- **TASK REQUIREMENTS**:
Transcribe the listing verbatim. Do not carry over any pictures.

- **DATA SEGMENT**:
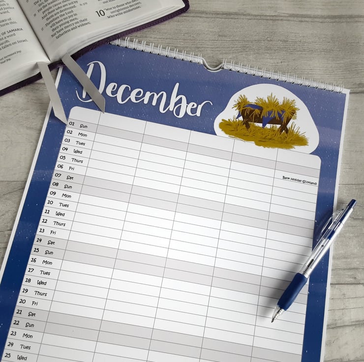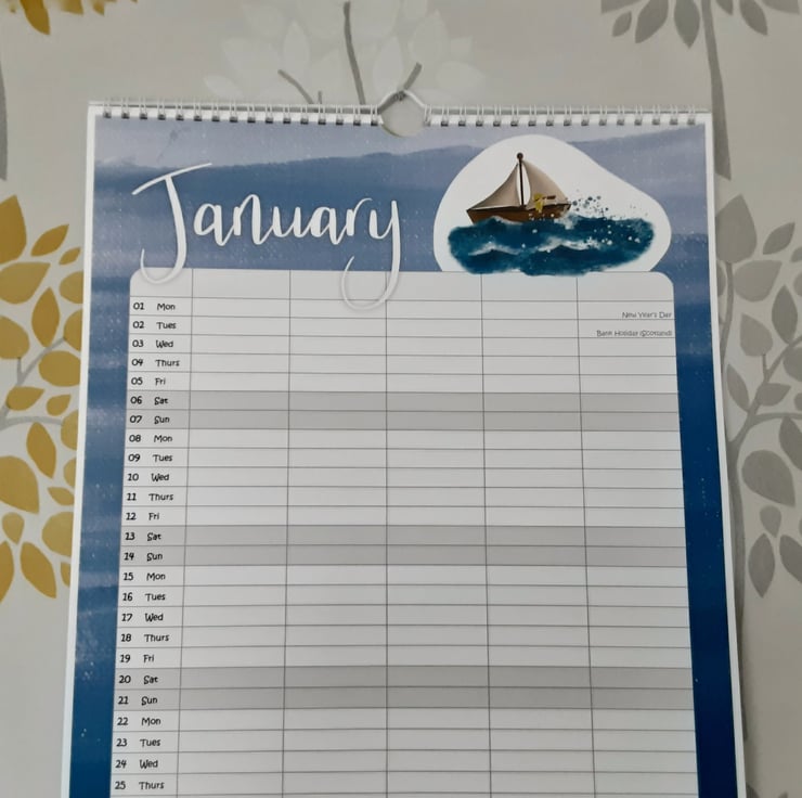 Each month has a large family planner style grid with 5 columns and the paper is a thick A3 piece with a smooth matt finish enabling you to write easily on the page. the calendars are wire bound with a traditional hanging hook. This calendar is A3 (approx 42cm x 30cm) when hanging on the wall.
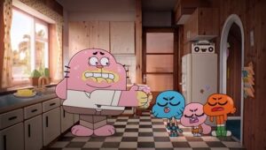 تدور قصة عالم غامبول حول عائلة واترسون المكونة من غامبول القط المشاكس الذي يُعرف عنه غباؤه لكنه دائمًا ما يسعى لإظهار عكس ذلك لمن حوله، أما داروين فهو أخ لـ غامبول بالتبني ظهر في صورة سمكة ذهبية اللون إذ يعشق المفاجآت ويقع في الكثير من المشكلات وبالفعل يتشارك هو وغامبول في الكثير من المغامرات والأحداث المُضحكة على عكس أناييس وهي الأخت الصغرى لـ غامبول التي تميزت بلطفها وذكائها الخارق. أما عن والديهم وهم نيكول وريتشارد فظهرا دائمًا في معظم الحلقات إذ كانت شخصية الأم نيكول مغمورة بالعاطفة والحب والشدة في نفس الوقت، أما ريتشارد فظهر في شكل أرنب ضخم الحجم باللون الزهري وكثيرًا ما كانت شخصية مُضحكة وساخرة كونه غير مؤهل للقيام بأي شئ بل كان يُكلف غامبول وداروين بالمهام بدلاً منه أما هو فكان كسولاً يحب النوم والأكل بشراهة، وهكذا كانت تدور الحلقات بين المغامرة والكوميديا.
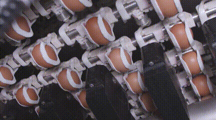 通過清潔和裂紋檢測,接下來進(jìn)入“體測”環(huán)節(jié)。雞蛋們被一枚枚托舉而起,根據(jù)體型(大?。┖腕w重(重量)進(jìn)行分級、篩選,德青源的雞蛋一般分為S、M、L、XL碼,針對市場需要進(jìn)行產(chǎn)品包裝。
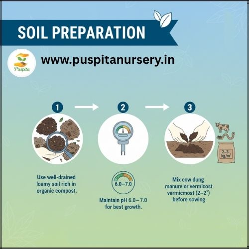 Mix cow dung manure or vermicompost (2–3 kg/m²) before sowing.

- **SOLUTION**:
 Each month has a large family planner style grid with 5 columns and the paper is a thick A3 piece with a smooth matt finish enabling you to write easily on the page. the calendars are wire bound with a traditional hanging hook. This calendar is A3 (approx 42cm x 30cm) when hanging on the wall.
 تدور قصة عالم غامبول حول عائلة واترسون المكونة من غامبول القط المشاكس الذي يُعرف عنه غباؤه لكنه دائمًا ما يسعى لإظهار عكس ذلك لمن حوله، أما داروين فهو أخ لـ غامبول بالتبني ظهر في صورة سمكة ذهبية اللون إذ يعشق المفاجآت ويقع في الكثير من المشكلات وبالفعل يتشارك هو وغامبول في الكثير من المغامرات والأحداث المُضحكة على عكس أناييس وهي الأخت الصغرى لـ غامبول التي تميزت بلطفها وذكائها الخارق. أما عن والديهم وهم نيكول وريتشارد فظهرا دائمًا في معظم الحلقات إذ كانت شخصية الأم نيكول مغمورة بالعاطفة والحب والشدة في نفس الوقت، أما ريتشارد فظهر في شكل أرنب ضخم الحجم باللون الزهري وكثيرًا ما كانت شخصية مُضحكة وساخرة كونه غير مؤهل للقيام بأي شئ بل كان يُكلف غامبول وداروين بالمهام بدلاً منه أما هو فكان كسولاً يحب النوم والأكل بشراهة، وهكذا كانت تدور الحلقات بين المغامرة والكوميديا.
 通過清潔和裂紋檢測,接下來進(jìn)入“體測”環(huán)節(jié)。雞蛋們被一枚枚托舉而起,根據(jù)體型(大?。┖腕w重(重量)進(jìn)行分級、篩選,德青源的雞蛋一般分為S、M、L、XL碼,針對市場需要進(jìn)行產(chǎn)品包裝。
 Mix cow dung manure or vermicompost (2–3 kg/m²) before sowing.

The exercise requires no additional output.